=== Study material ===
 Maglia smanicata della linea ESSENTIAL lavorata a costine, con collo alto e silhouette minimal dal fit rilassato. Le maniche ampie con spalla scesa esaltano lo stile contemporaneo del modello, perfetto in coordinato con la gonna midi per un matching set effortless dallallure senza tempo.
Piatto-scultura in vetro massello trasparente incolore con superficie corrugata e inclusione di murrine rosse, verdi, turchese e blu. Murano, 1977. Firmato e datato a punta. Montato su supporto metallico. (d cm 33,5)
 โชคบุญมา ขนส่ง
===
=== Study material ===
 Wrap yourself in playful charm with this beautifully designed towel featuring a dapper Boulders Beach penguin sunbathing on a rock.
===
[Task statement] In the data above, start at the line that has "Piatto-scultura in vetro", stop after the line that has "โชคบุญมา ขนส่ง", and print every line in between exactly as it stands.

[Reply]
Piatto-scultura in vetro massello trasparente incolore con superficie corrugata e inclusione di murrine rosse, verdi, turchese e blu. Murano, 1977. Firmato e datato a punta. Montato su supporto metallico. (d cm 33,5)
 โชคบุญมา ขนส่ง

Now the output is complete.